--- Source material Enclosed Below ---

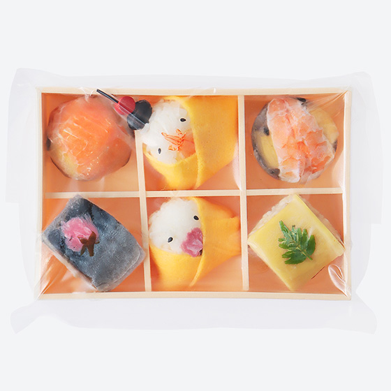 | 原材料 | 米(国産)、調味酢、玉子焼、しめさば、たけのこ煮、えび、サーモントラウト、寿司具(干瓢、椎茸、その他)、桜の花塩漬、わさび葉、黒豆、うり粕漬け、わさび茎、わさび粉、食用乳化油脂、ごま、木の芽、つゆ/トレハロース、pH調整剤、調味料(アミノ酸等)、着色料(カラメル、クチナシ)、香料、ビタミンC、増粘剤(ローカスト)、ソルビット、酒精、炭酸Ca、(一部に小麦・卵・えび・ごま・さけ・さば・大豆を含む) |
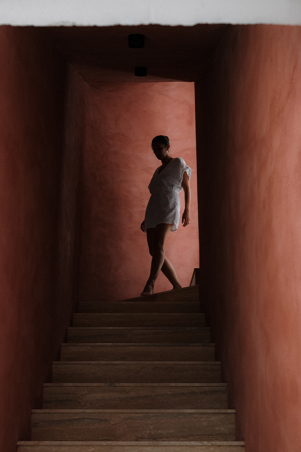 The defining intervention is a sculptural concrete staircase. More than a connector between floors, it links the two upper wings and serves as a bold architectural statement and frees previously used space in the courtyard. Its contemporary form deliberately contrasts with the traditional shell, highlighting the dialogue between past and present. Attention to detail was crucial where historic and new elements meet. Local stone, restored timber, and original masonry sit comfortably alongside plastered concrete, glass and clean finishes.
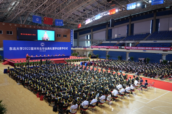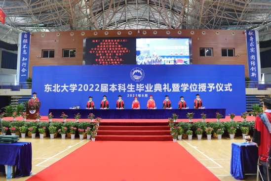 6月24日上午,太阳成集团tyc334552022届本科生毕业典礼暨学位授予仪式在刘长春体育馆隆重举行。校党委书记熊晓梅,校长冯夏庭,校党委副书记、纪委书记杨明,校党委常委、副校长孙雷、徐峰、唐立新、王强、王兴伟、王辉出席典礼。各学院和相关部门负责同志、教师代表、各学院学生工作相关同志以及2022届本科毕业生线上线下参加大会。毕业典礼由王强主持。
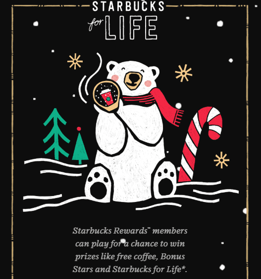 - Starbucks has launched their 2018 holiday promotion called ‘Starbucks for Life’. Starbucks Rewards users can enter in two ways:

--- End of Enclosed Source material ---

_Task_
Your reply should hold every line of the material, unaltered, and not one picture.

_Result below_
 | 原材料 | 米(国産)、調味酢、玉子焼、しめさば、たけのこ煮、えび、サーモントラウト、寿司具(干瓢、椎茸、その他)、桜の花塩漬、わさび葉、黒豆、うり粕漬け、わさび茎、わさび粉、食用乳化油脂、ごま、木の芽、つゆ/トレハロース、pH調整剤、調味料(アミノ酸等)、着色料(カラメル、クチナシ)、香料、ビタミンC、増粘剤(ローカスト)、ソルビット、酒精、炭酸Ca、(一部に小麦・卵・えび・ごま・さけ・さば・大豆を含む) |
 The defining intervention is a sculptural concrete staircase. More than a connector between floors, it links the two upper wings and serves as a bold architectural statement and frees previously used space in the courtyard. Its contemporary form deliberately contrasts with the traditional shell, highlighting the dialogue between past and present. Attention to detail was crucial where historic and new elements meet. Local stone, restored timber, and original masonry sit comfortably alongside plastered concrete, glass and clean finishes.
 6月24日上午,太阳成集团tyc334552022届本科生毕业典礼暨学位授予仪式在刘长春体育馆隆重举行。校党委书记熊晓梅,校长冯夏庭,校党委副书记、纪委书记杨明,校党委常委、副校长孙雷、徐峰、唐立新、王强、王兴伟、王辉出席典礼。各学院和相关部门负责同志、教师代表、各学院学生工作相关同志以及2022届本科毕业生线上线下参加大会。毕业典礼由王强主持。
 - Starbucks has launched their 2018 holiday promotion called ‘Starbucks for Life’. Starbucks Rewards users can enter in two ways:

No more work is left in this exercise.